An image-free reproduction of the data below is needed: print it exactly.

- _Supplied information_:
┌────────
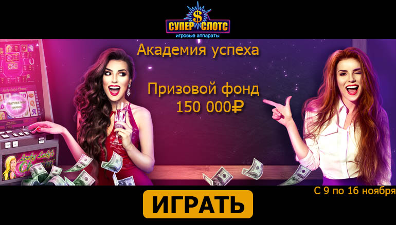 Считаете, что умение выигрывать на слотах это такая же наука, как физика, математика или квантовая механика? Тогда добро пожаловать в Академию успеха! С 9 по 16 ноября казино Супер Слотс (Casino Super Slots) проводит увлекательный турнир «Академия успеха». Здесь нет старых профессоров, скучных лекций и пыльных библиотек, лишь азарт и адреналин! Только в этой уникальной академии самым старательным студентам выдают денежные призы! Используйте все свои знания и навыки для того, чтобы выиграть до 150 тысяч рублей в «Академии успеха» казино Супер Слотс!
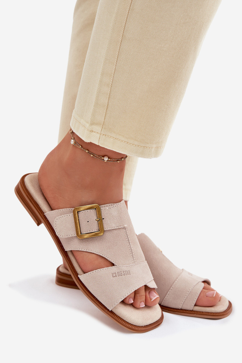 Chaussons femme en daim avec des talons larges avec boucles Big Star TT274476 beige
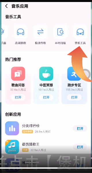 3.进入到音乐应用界面后,左滑【音乐工具】下的选项,找到并点击【煲机工具】。
└────────
- _Reply_:
 Считаете, что умение выигрывать на слотах это такая же наука, как физика, математика или квантовая механика? Тогда добро пожаловать в Академию успеха! С 9 по 16 ноября казино Супер Слотс (Casino Super Slots) проводит увлекательный турнир «Академия успеха». Здесь нет старых профессоров, скучных лекций и пыльных библиотек, лишь азарт и адреналин! Только в этой уникальной академии самым старательным студентам выдают денежные призы! Используйте все свои знания и навыки для того, чтобы выиграть до 150 тысяч рублей в «Академии успеха» казино Супер Слотс!
 Chaussons femme en daim avec des talons larges avec boucles Big Star TT274476 beige
 3.进入到音乐应用界面后,左滑【音乐工具】下的选项,找到并点击【煲机工具】。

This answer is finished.